Здесь дорожек не счесть,
что весна, то побег –
полечите меня, палачи!
За последнюю черть,
словно витязь на брег,
гордо голову к мысли влачи.

В мерном тиканье пушки
назад, на отсчёт,
ты прислушайся к тем голосам,
что записывал Пушкин
ещё и ещё,
и кукушка проснётся в глазах.


Башня Сююмбике

Башня Сююмбике (тат. Сйембике манарасы, Sйyembiky manaras) — дозорная (сторожевая) башня в Казанском кремле. Башня Сююмбике также относится к «падающим» башням, так как имеет заметный наклон в северо-восточную сторону. На данный момент отклонение её шпиля от вертикали составляет 1,98 м.

По одной из легенд она была сооружена по приказу Ивана Грозного за семь дней (символизирующих семь её ярусов) после взятия Казани в 1552 году по условию-просьбе царицы Сююмбике, которая сбросилась с седьмого яруса. В одной из версий этой легенды русский царь предложил взять её замуж.

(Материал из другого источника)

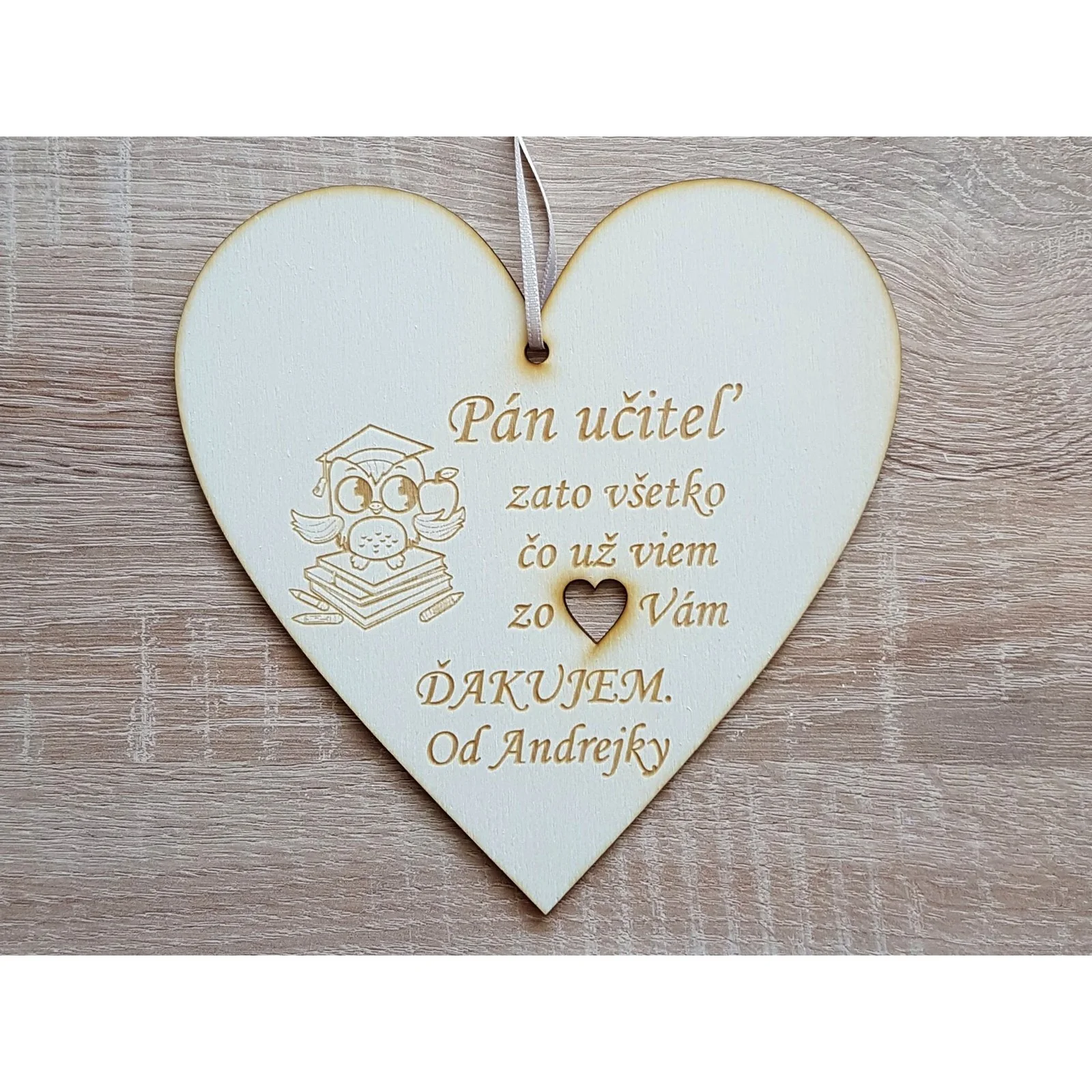 Drevená tabuľka srdiečko pre pána učiteľa ako poďakovanie za celý rok.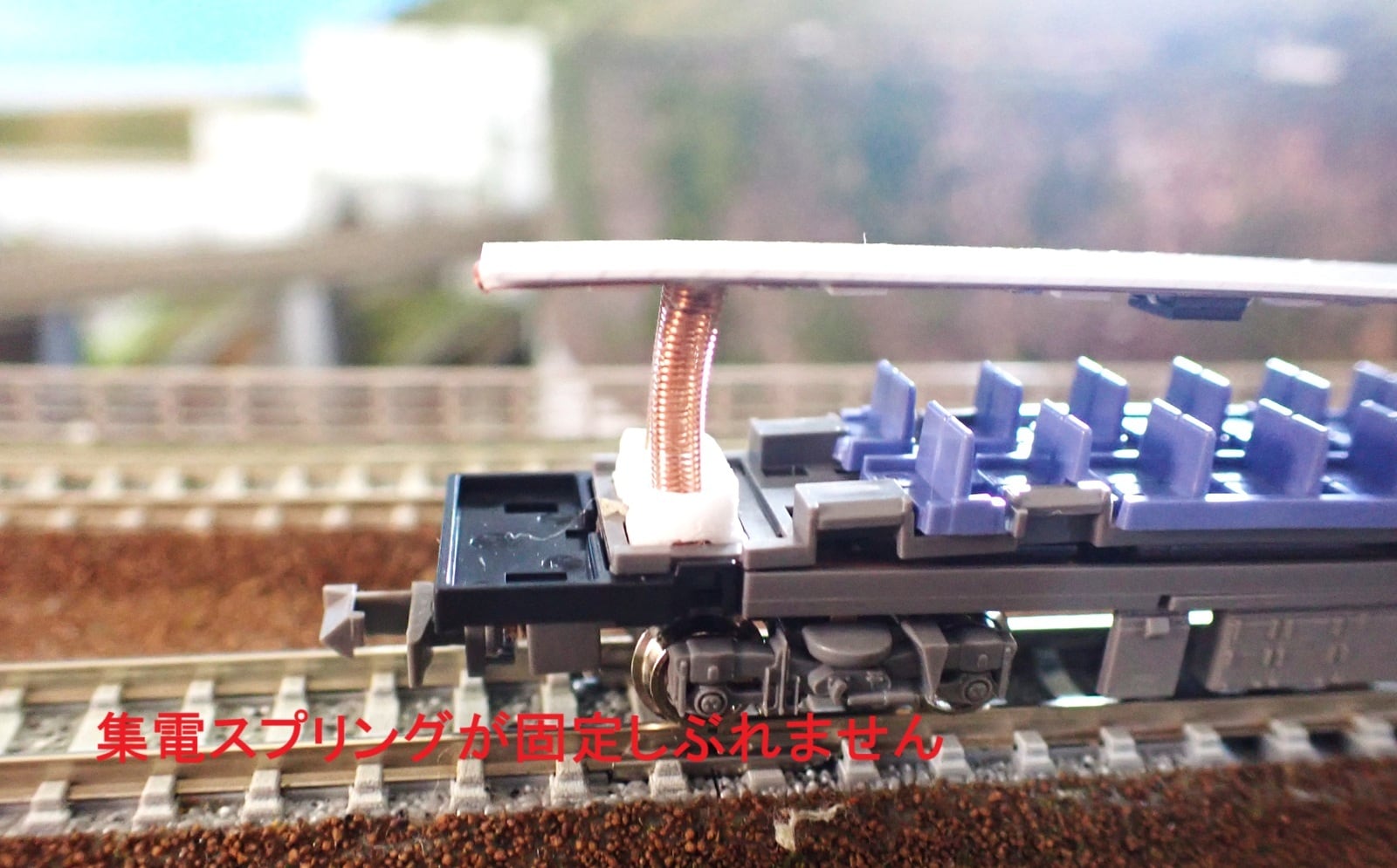 スプリングずれんゾウを車端の集電部分に嵌めるだけ。室内灯に取り付けた集電スプリングを入れます。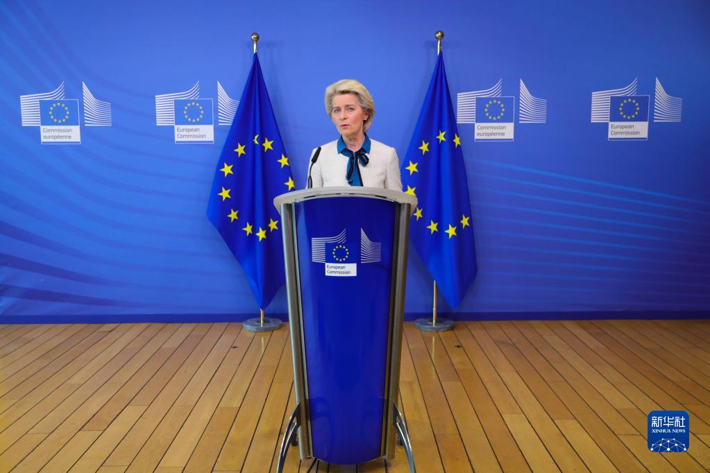 5月18日,歐盟委員會主席馮德萊恩在比利時(shí)布魯塞爾的歐盟委員會總部發(fā)言。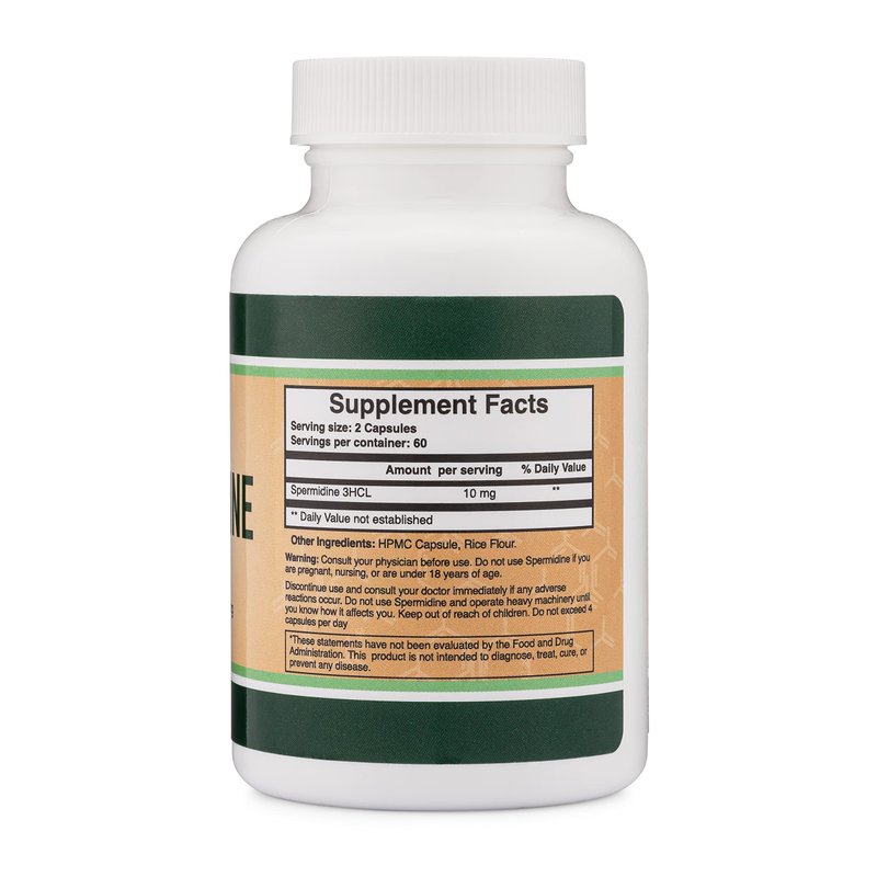Spermidine Supplement (10mg of 99% Spermidine 3HCL - Third Party Tested) 120 Capsules - Over 100x More Potent Than Wheat Germ Extract for Cell Membrane, Telomere Health and Aging by Double Wood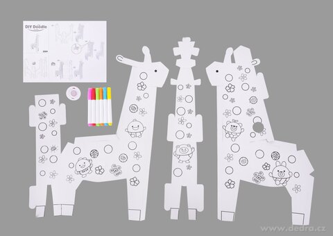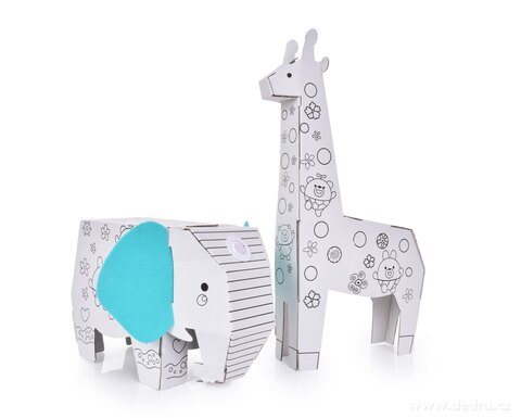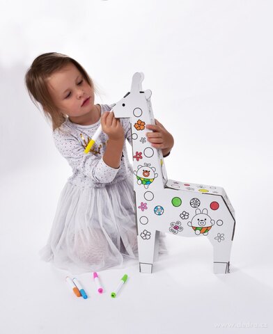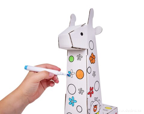 3D skládací omalovánka z tvrdého kartonu + 6 barevných fixů.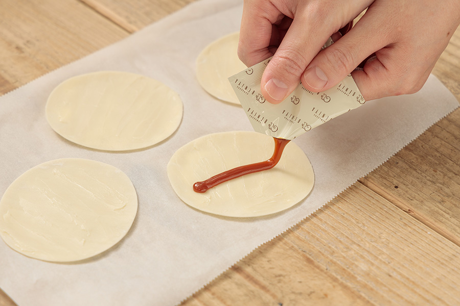②の真ん中に、縦にキャラメルソースを絞ります。(8枚で2袋使用)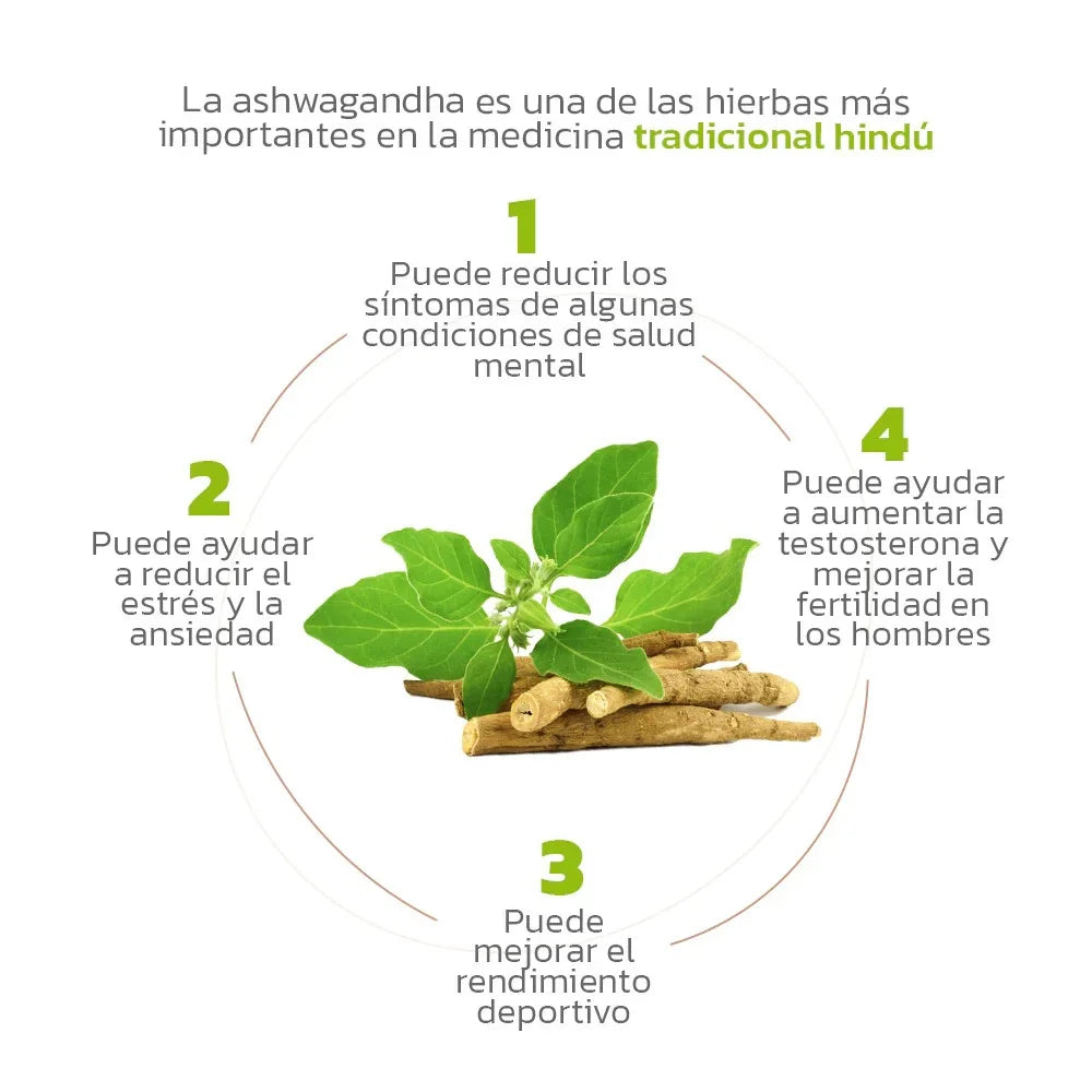 Estudios indican que Ashwagandha reduce hasta un 30% los niveles de cortisol, la hormona del estrés, ayudándote a sentirte más relajado y en control.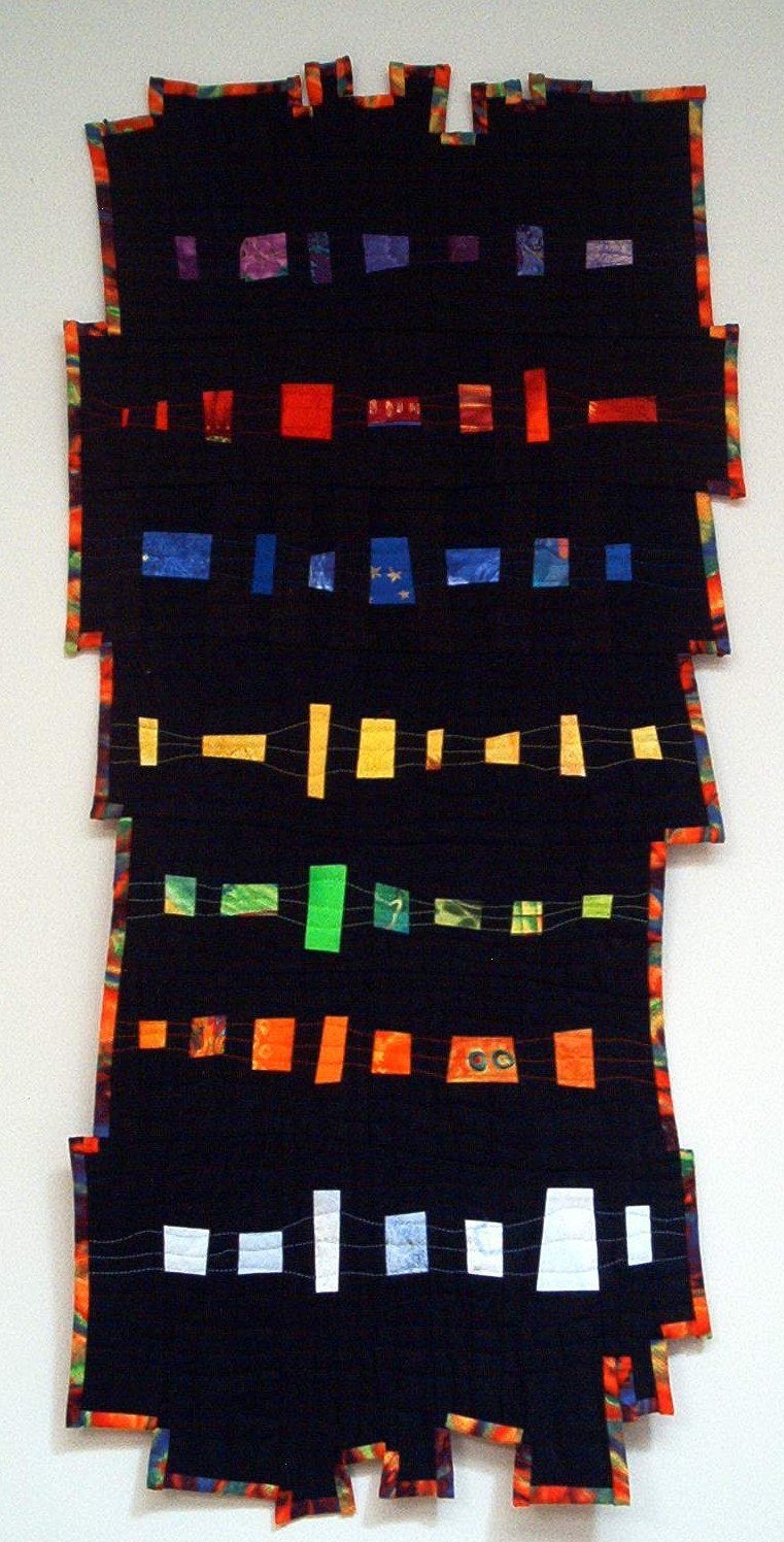 In this piece, fabric appears to be woven and quilted together. The colors represent the stages of life I have so far experienced, beginning with blue for infancy through purple–middle-age. The black symbolizes the life challenges and struggles we face daily, which in turn contributes to our strengths…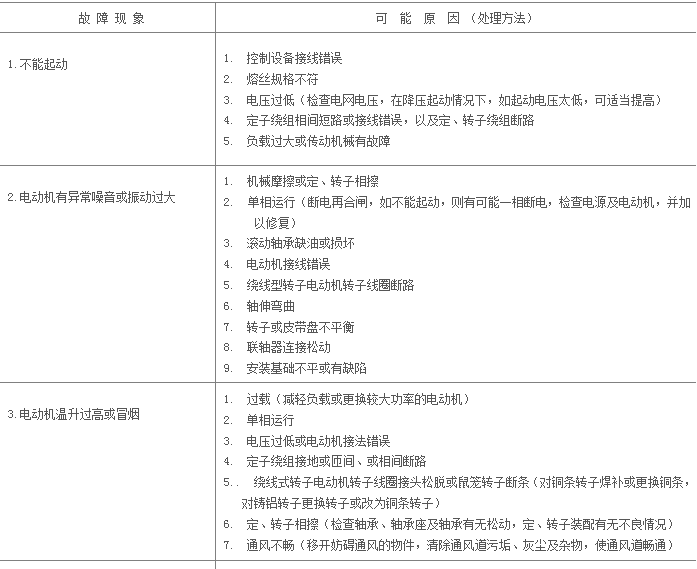 表3 三相異步電動機(jī)的常見故障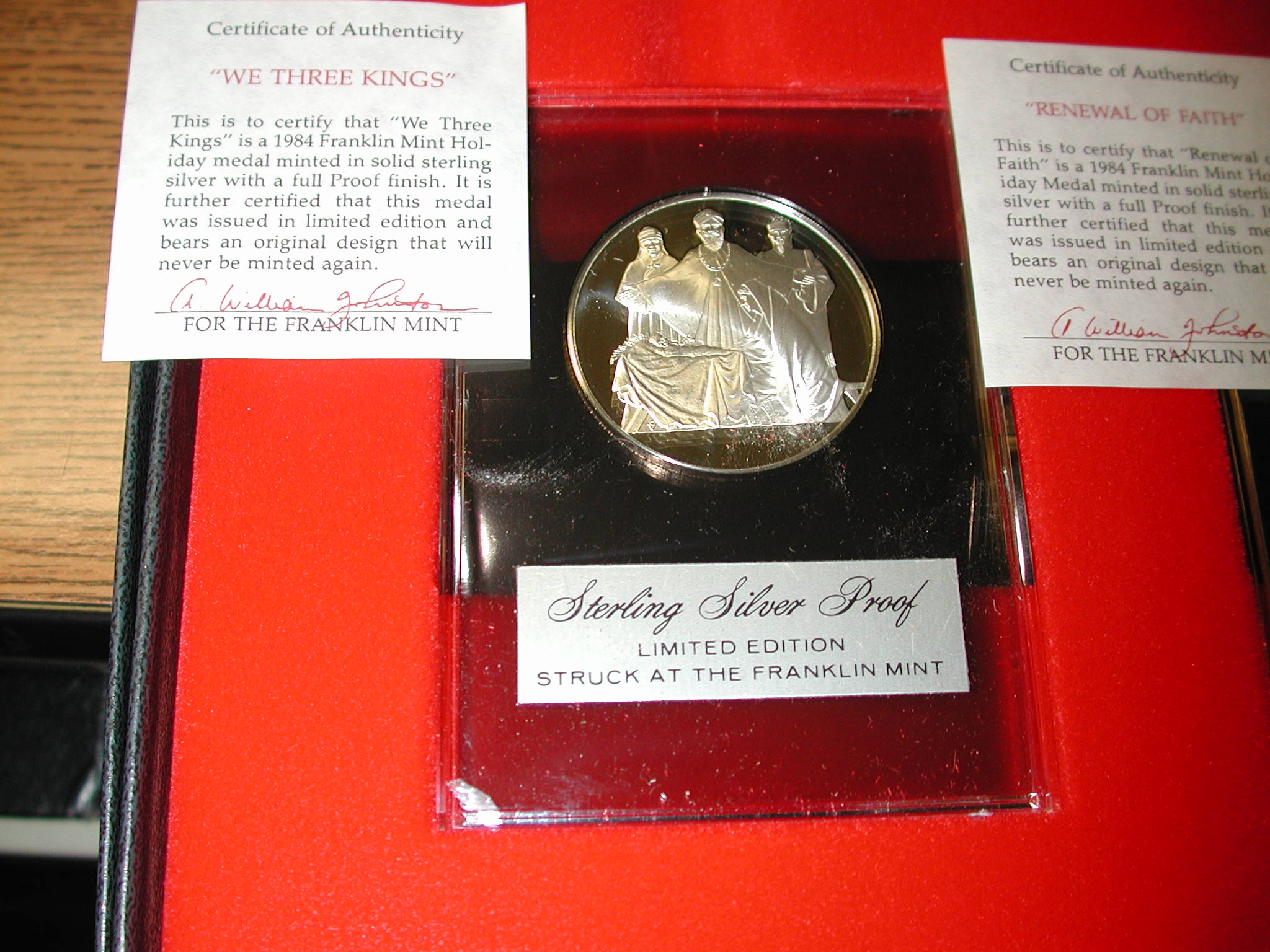1984 Franklin Mint Holiday .925 Silver Medal set of 4 Peace – Three Kings-Tree-Faith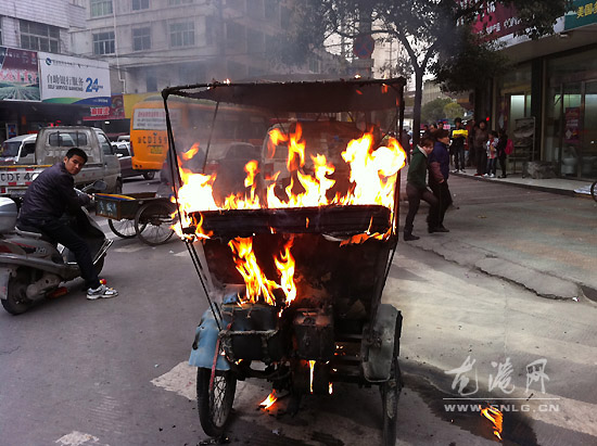 龙网3月11日讯:动力三轮车加装动力后上路非法载客营运,横冲直撞,惟利是图,出了事故只有逃之夭夭,无视道路安全法规与民众人身财产安全,不仅严重影响了辖区交通秩序和城市形象,扰乱社会治安秩序,更埋下极大的交通安全隐患,是交警部门严厉打击的“三小车”之一。3月10日下午,龙港交警队在打击查处动力三轮车的行动中,遇车主暴力抗法,引燃整瓶汽油起大火,幸而执勤人员奋力扑救,及时解除险情,无人伤亡。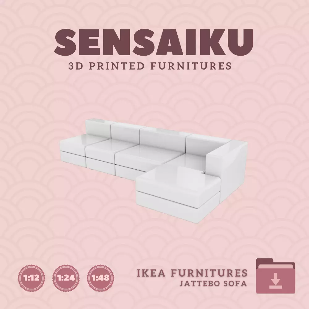 Name: 14. JATTEBO 4.5-seat Mod Sofa w ChaiseManufacturer - IKEARecommended Printer: Resin 3d PrinterSeries: Furniture Designers SeriesScale: 1:12, 1:24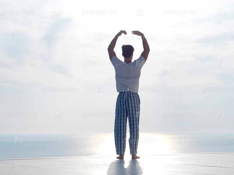 Молодой человек занимается йогой

Казанскую царицу звали Сююн, а "Сююм - бике" - "Любимой госпожой (тюрк.)" - ее прозвал народ за то, что она пыталась вникнуть в его тяготы и, по возможности, ослабить их. Сююн была дочерью знатного ногайского бека Юсуфа и выросла в степи.

Изображение башни:
http://www.russiancity.ru/text/kazan03.htm


1

Из Московии хан засылает жестоких сватов:
ливень стрел жениха уж на головы падать готов.

Молит мужа Сююн: «Забери меня в склеп поскорей,
в этот страшный июнь без степных я увяну корней!»

Но молчит прах Сафы, и немотствует Белый Батыр,
что защитником слыл у народа итильской воды.

На Казани засов, но не выдержать русичей гнёт –
принимая послов, обречённо царица вздохнёт:

«В семь денниц и ночей вы постройте заоблачный шпиль,
чтобы века прочней были стены в булатной глуби,

громогласный же свод пусть удержит семь ярусов глыб,
а решётчатый вход охраняет молитву муллы.

И, взлетев до конца, если башня проткнёт облака –
пусть пленит меня царь, стать женой мне его на века…»

2

Проливается пот, кровь с ладоней холопских течёт:
за неделю работ даже Бог в небесах устаёт.

Отощали дома на увесистость каменных груд,
на плечах у холма воплощается зодчего труд.

Крепь и мощь валуна воспаряют в межзвёздный зазор,
и с вершины луна отправляется ночью в дозор.

По ступеням судьбы поднимается в вечность Сююн:
кто про честь не забыл – навсегда будет светел и юн.

Затрепещет луна, из бойницы пушинка вспорхнёт,
и закружит она по степи на родной огонёк.

***

Вот уж тысячи дней при осанистом стройном Кремле
за царицей своей так и клонится башня к земле.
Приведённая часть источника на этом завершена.